__Entries supplied__.
-*-*-
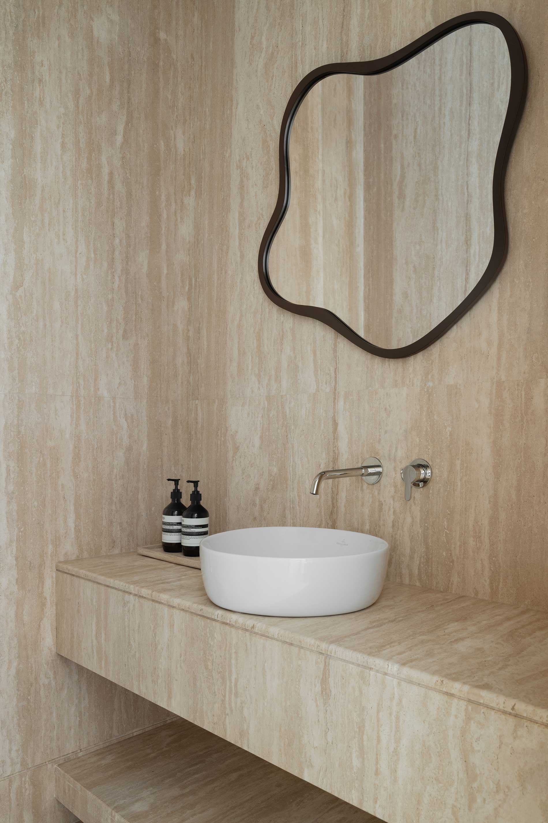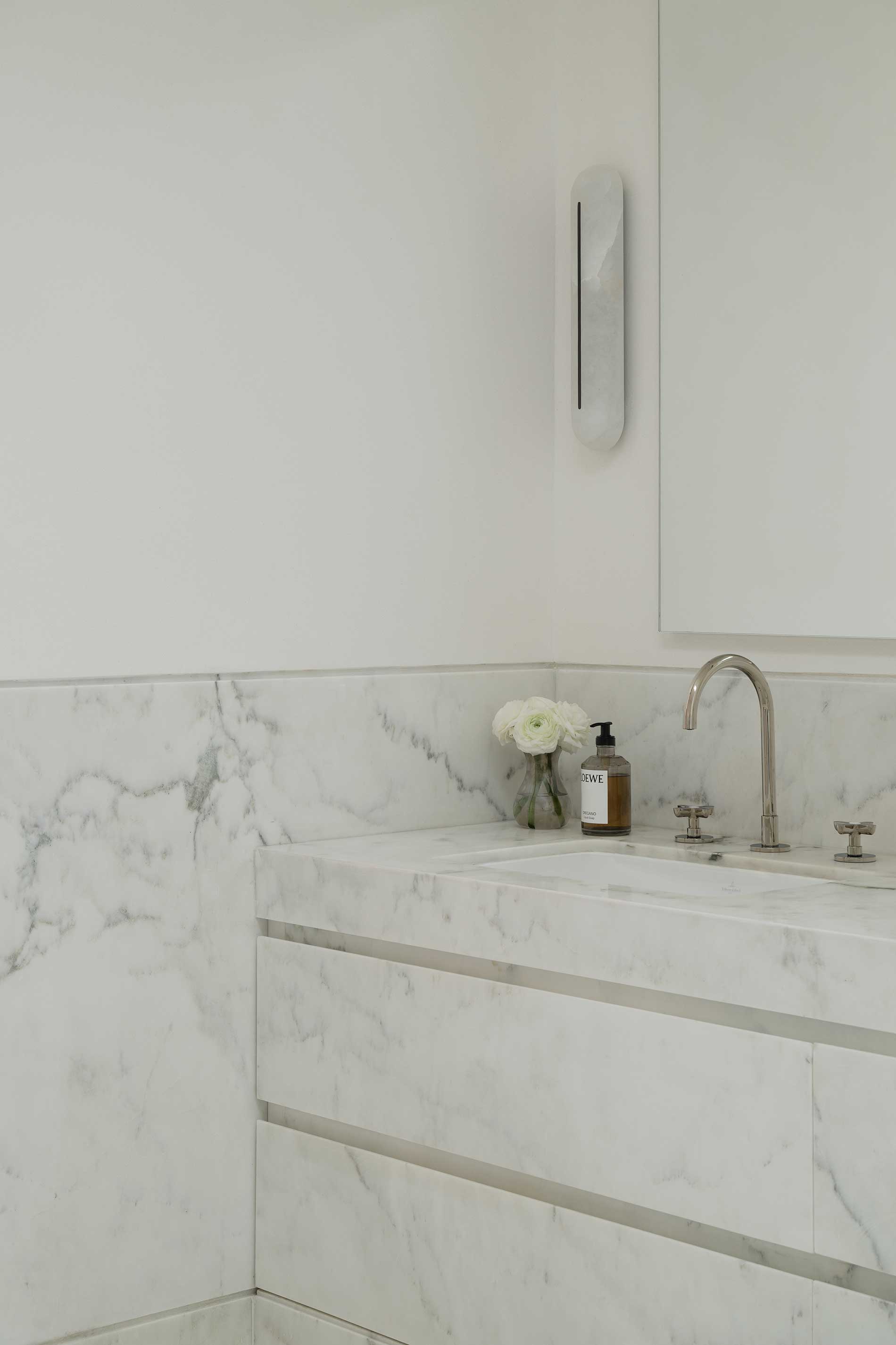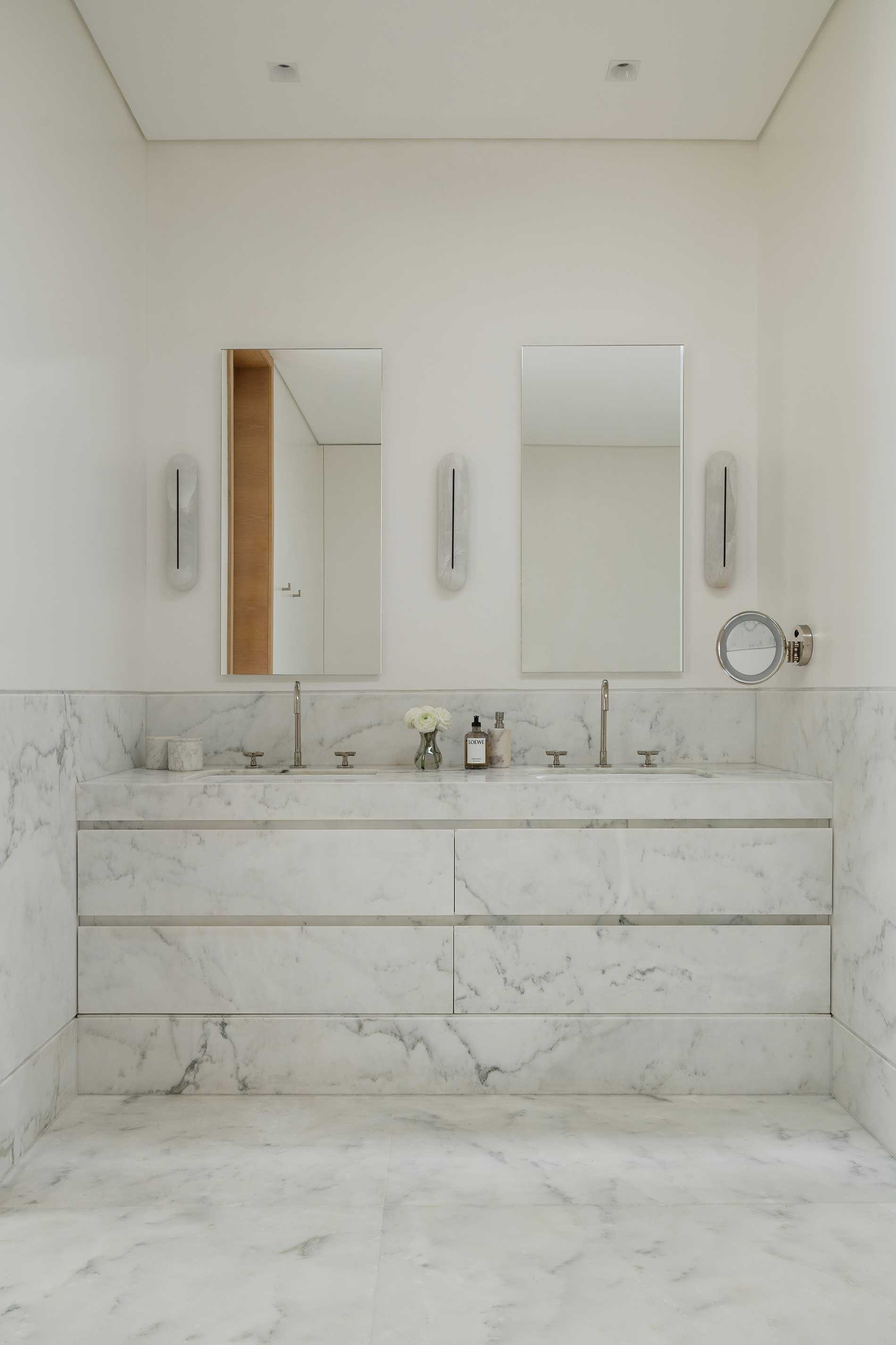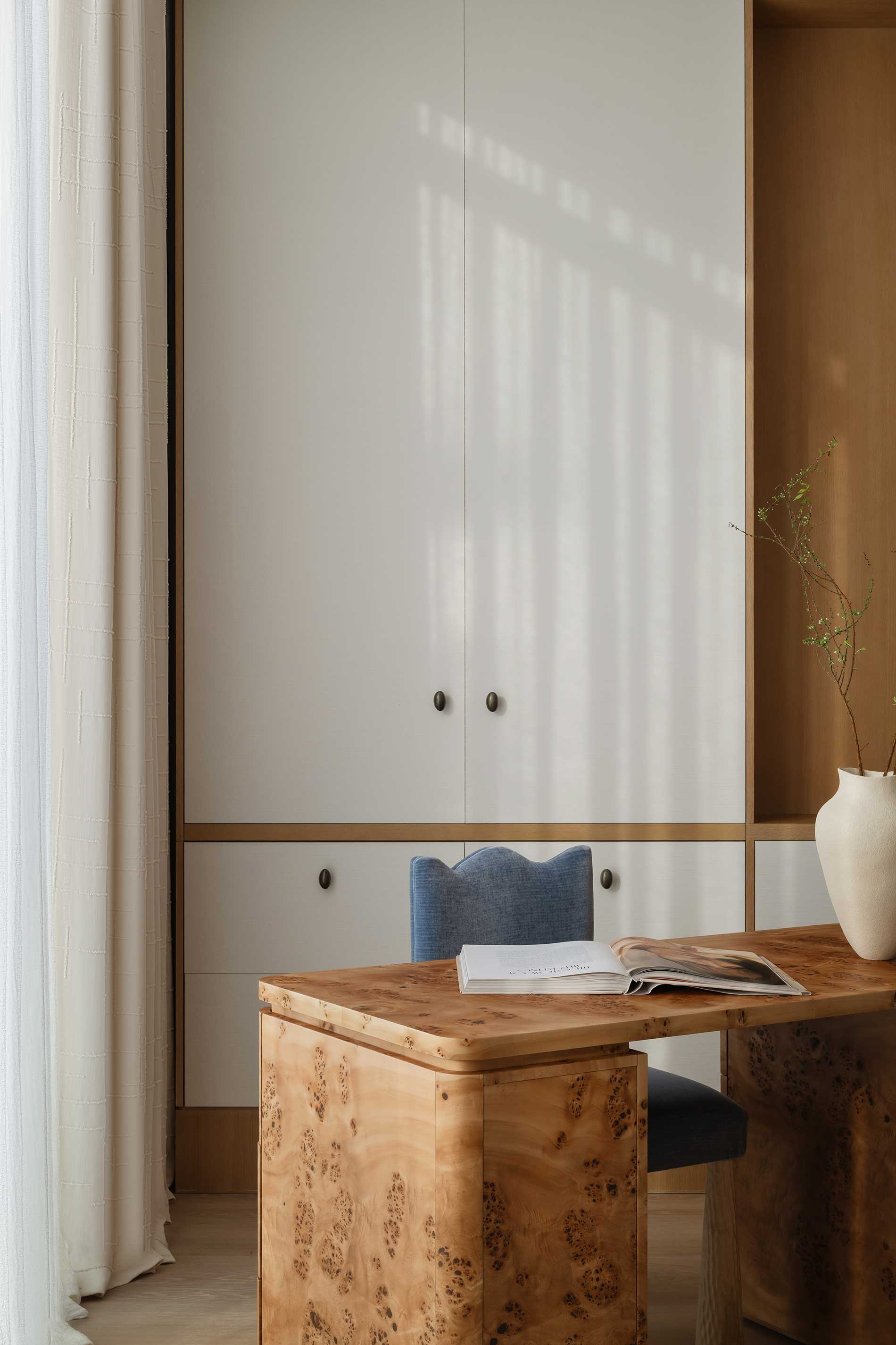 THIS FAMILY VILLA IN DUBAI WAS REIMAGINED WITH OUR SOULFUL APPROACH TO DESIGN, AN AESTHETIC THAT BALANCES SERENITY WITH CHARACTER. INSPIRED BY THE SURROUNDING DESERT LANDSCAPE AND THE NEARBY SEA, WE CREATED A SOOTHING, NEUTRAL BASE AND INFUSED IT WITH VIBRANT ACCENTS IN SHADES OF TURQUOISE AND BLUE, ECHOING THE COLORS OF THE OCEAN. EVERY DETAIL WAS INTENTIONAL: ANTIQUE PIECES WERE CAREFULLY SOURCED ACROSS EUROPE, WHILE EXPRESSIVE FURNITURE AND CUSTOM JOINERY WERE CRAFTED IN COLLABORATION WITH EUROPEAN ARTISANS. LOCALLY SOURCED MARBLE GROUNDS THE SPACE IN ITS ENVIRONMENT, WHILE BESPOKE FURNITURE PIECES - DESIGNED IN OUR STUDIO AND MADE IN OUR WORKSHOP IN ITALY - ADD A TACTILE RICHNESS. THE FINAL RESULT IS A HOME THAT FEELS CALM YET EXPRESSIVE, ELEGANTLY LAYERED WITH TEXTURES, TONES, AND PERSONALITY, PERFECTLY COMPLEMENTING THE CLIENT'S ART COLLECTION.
-*-*-
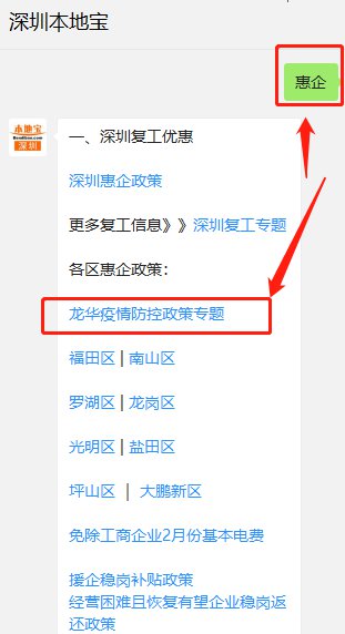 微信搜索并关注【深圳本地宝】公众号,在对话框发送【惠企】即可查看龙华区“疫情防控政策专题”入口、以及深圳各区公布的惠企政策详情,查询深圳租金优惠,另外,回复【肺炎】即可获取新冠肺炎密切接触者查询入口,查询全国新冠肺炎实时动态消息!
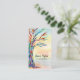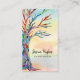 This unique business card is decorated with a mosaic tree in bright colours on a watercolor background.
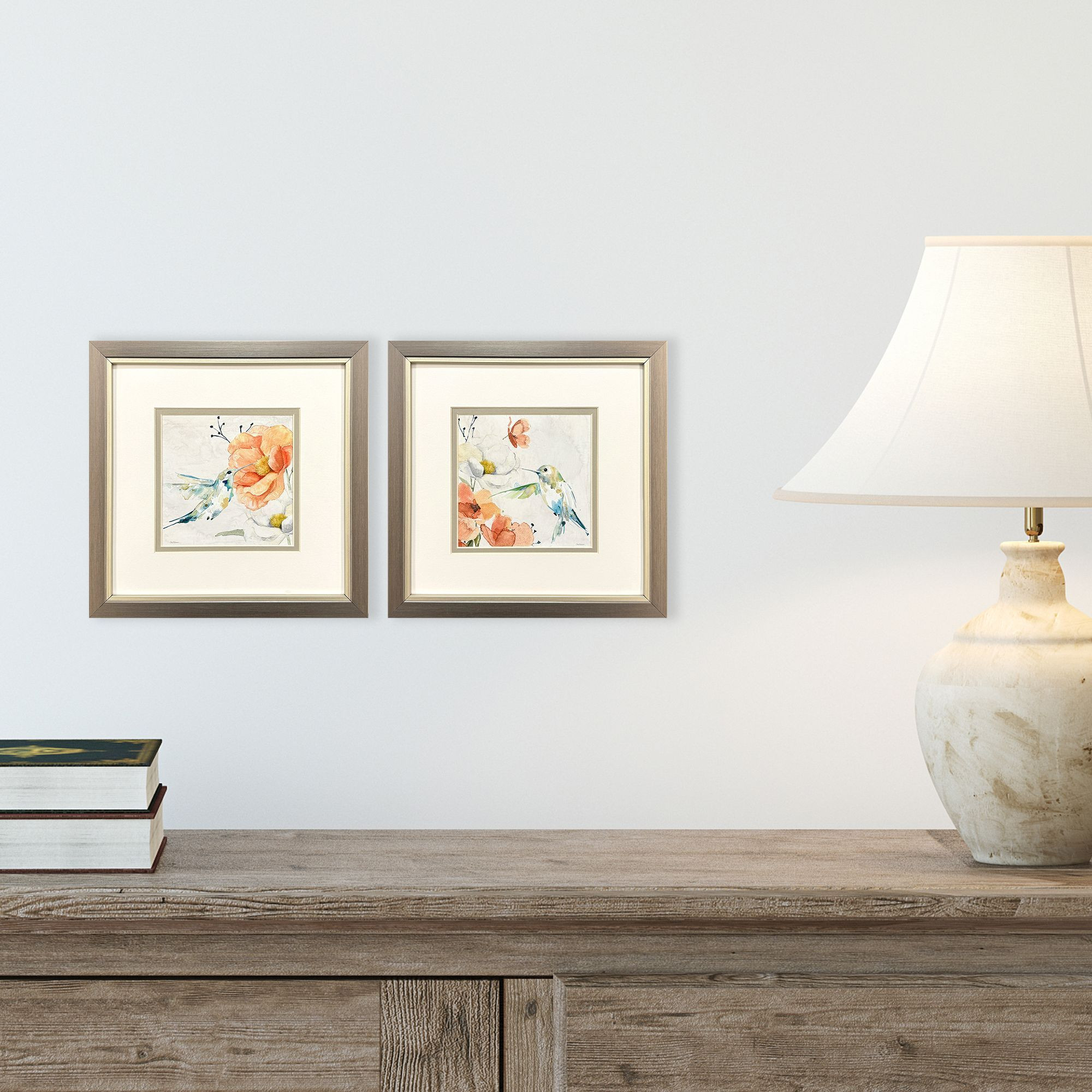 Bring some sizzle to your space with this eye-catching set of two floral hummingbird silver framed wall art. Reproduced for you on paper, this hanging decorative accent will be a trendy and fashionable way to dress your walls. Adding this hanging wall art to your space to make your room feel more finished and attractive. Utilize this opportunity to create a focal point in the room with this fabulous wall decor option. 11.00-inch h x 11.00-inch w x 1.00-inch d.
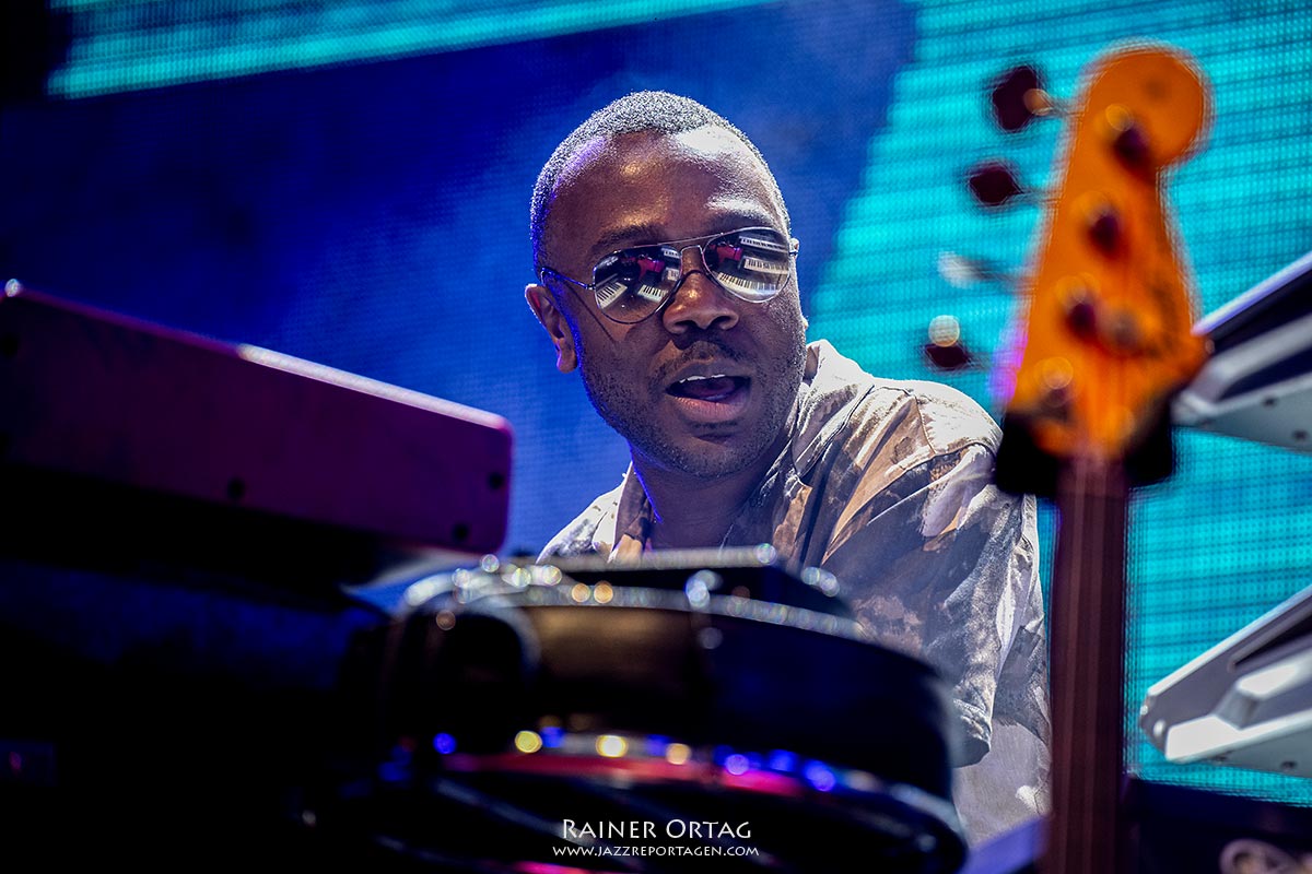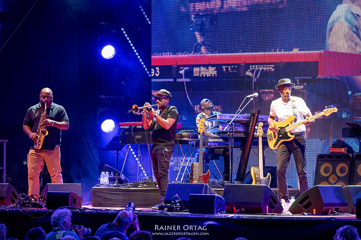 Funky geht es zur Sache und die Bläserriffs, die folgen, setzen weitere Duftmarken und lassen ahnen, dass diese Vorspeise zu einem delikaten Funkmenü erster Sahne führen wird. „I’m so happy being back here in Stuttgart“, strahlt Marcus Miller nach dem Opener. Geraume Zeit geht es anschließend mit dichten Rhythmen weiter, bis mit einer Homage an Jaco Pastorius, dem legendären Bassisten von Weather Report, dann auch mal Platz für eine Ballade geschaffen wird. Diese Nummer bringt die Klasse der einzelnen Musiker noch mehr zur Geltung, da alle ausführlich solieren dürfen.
-*-*-
__What you will do__.
Start at the line above containing "微信搜索并关注【深圳本地宝】" and stop at the line containing "Bring some sizzle": print those lines and everything between them exactly, but not the pictures.

__Reply__.
 微信搜索并关注【深圳本地宝】公众号,在对话框发送【惠企】即可查看龙华区“疫情防控政策专题”入口、以及深圳各区公布的惠企政策详情,查询深圳租金优惠,另外,回复【肺炎】即可获取新冠肺炎密切接触者查询入口,查询全国新冠肺炎实时动态消息!
 This unique business card is decorated with a mosaic tree in bright colours on a watercolor background.
 Bring some sizzle to your space with this eye-catching set of two floral hummingbird silver framed wall art. Reproduced for you on paper, this hanging decorative accent will be a trendy and fashionable way to dress your walls. Adding this hanging wall art to your space to make your room feel more finished and attractive. Utilize this opportunity to create a focal point in the room with this fabulous wall decor option. 11.00-inch h x 11.00-inch w x 1.00-inch d.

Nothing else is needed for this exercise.